ハムレットのガートルードは、デンマーク王が死んだ後にその弟で王位を継いだクローディアスと再婚します。それも亡き王の死からたった2ヶ月後に。
その背信とも思える母の再婚と亡霊としての亡き父王の頼みに、ハムレットは狂気(と周囲に思わせる行為と言葉)とその堂々巡りの思考で悩み抜くのです。

シェークスピアのガートルードは自分の意志さえないかのようなか弱く心細い女性です。その彼女が実際は悪女であったのか(つまり夫を亡き者にしようとその弟と画策したのか)それとも全く何も知らずただ運命に流されたか弱い女性だあったのか(つまり善良であるがゆえに受け身にならざるをえなかったのか)、今でも学者たちの論争のまとになっているほどあまり深く描かれていない女性です。

ハムレットには再婚をなじられ「そんなに責めるのはやめて」と泣き崩れるだけですし、最後にはクローディアスがハムレットのために用意した毒入りの酒を「間違って」飲んで死んでしまいます。何ともやりきれない一生ではありますが、それをどう解釈した演出になるのか、そして北翔海莉がこの「受け身の女性」をどう演じるのか、興味津々です。

 

2019年の映画「オフィーリア」では女性たちが主導権を握る

日本ではまだ公開されていないと思いますが、僕がいち早くアメリカのストリーミングで観てしまった映画があります。今年春に公開された「オフィーリア」という映画です。

「スター・ウォーズ/フォースの覚醒』では、主人公のレイを演じたデイジー・リドリーが主役のオフィーリアを演じていますが、これがまた予想外におもしろいシェークスピアの「ハムレット」番外編となっています。

ハムレットは主役ではなく添え物的役割ですが、この映画ではなんとオフィーリアが主役で、ハムレットに大変むごい言葉を浴びせられとうとう狂気の果てに(事故か自殺か物語の中では何も明かされませんが)川で溺れて死んでしまいます。

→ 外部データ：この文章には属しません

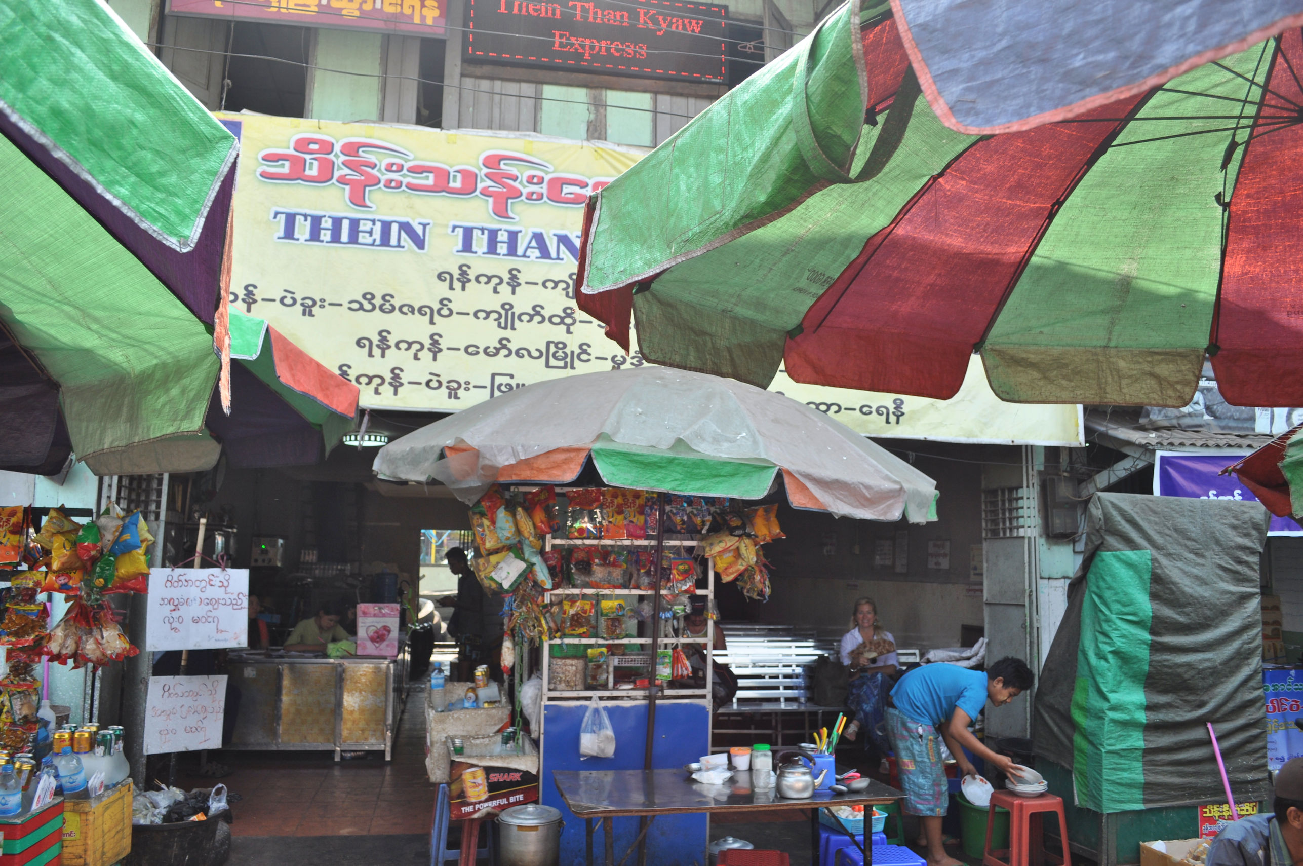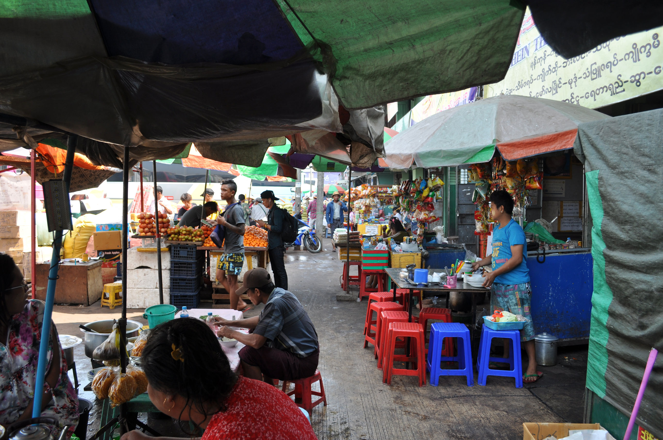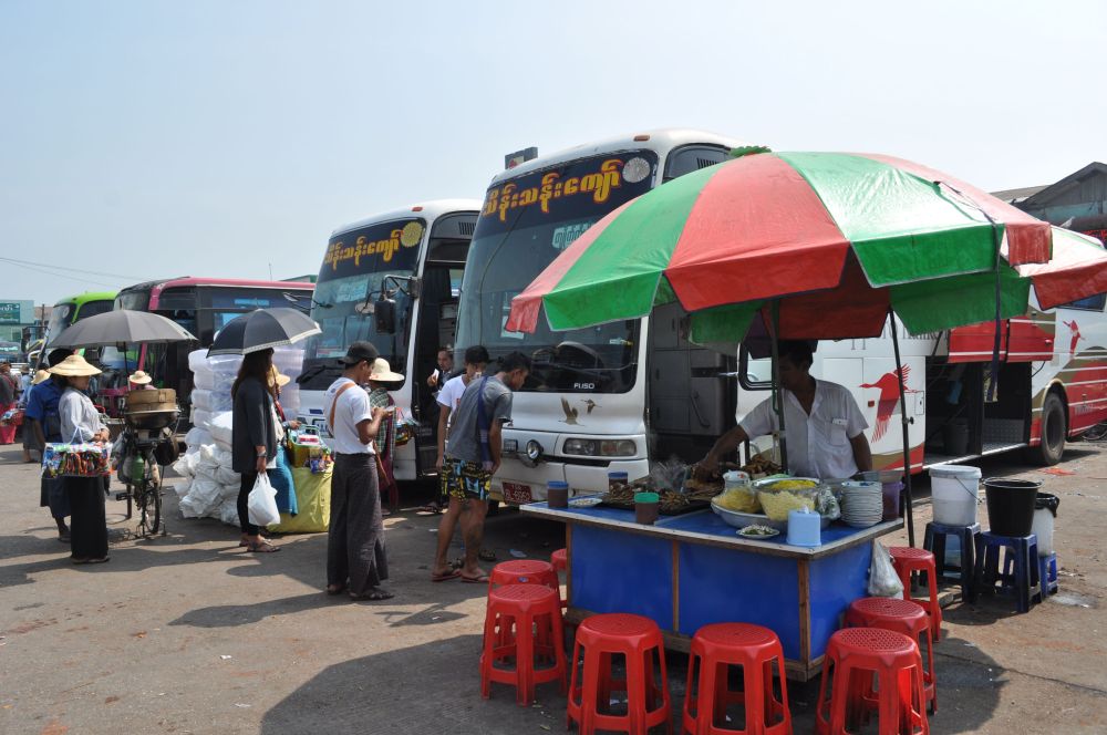 Thus, we arrived at our bus station with over two hours to kill. This is the craziest bus station I have ever seen, and Iβm guessing it will hold that top spot for years. It looks as though many bus companies all have their offices side by side in a big square, all facing the center. As we had already seen in Yangon, vendors set up their stalls anywhere people might walk, which is an excellent business plan you have to admit. People walk through, busses occasionally drive through, honking to warn the people to get out of the way. So imagine a giant βUβ of shop fronts that belong to a menagerie of bus companies. Then imagine a bus parked in front of them all, making a smaller U. And out at the front of the busses are some vendors, but between the busses and the buildings is a regular market. There are kiosks set up, and walking vendors carrying their wares will thread their way through.

悲劇の女性で、こちらもまた一途に愛したハムレットをひたすら待つ女性として描かれていましたが、今回のこの「オフィーリア」では全く違います。大変行動力のある、どちらかと言うと現代風の考え方の持ち主で、フェミニズムの観点からとてもおもしろい描かれ方をしています。ちょっとネタバレをすると、最後に川で死にませんし。

さて、この映画ではガートルードもまたただのか弱き女性ではありません。最後にハムレットの死を見て目が覚めたのか、クローディアスを刺し殺し、「自らの意志で」毒をあおって死んでしまいます。シェークスピアの原作では「間違って」毒をあおる、あくまでも受け身の女性ですから。
双子の妹とともに、この映画ではかなり重要な役どころとなっています。

とても現代的な解釈と演出で「こういう視点もあるのだな」と僕などは目を見張ってしまいました。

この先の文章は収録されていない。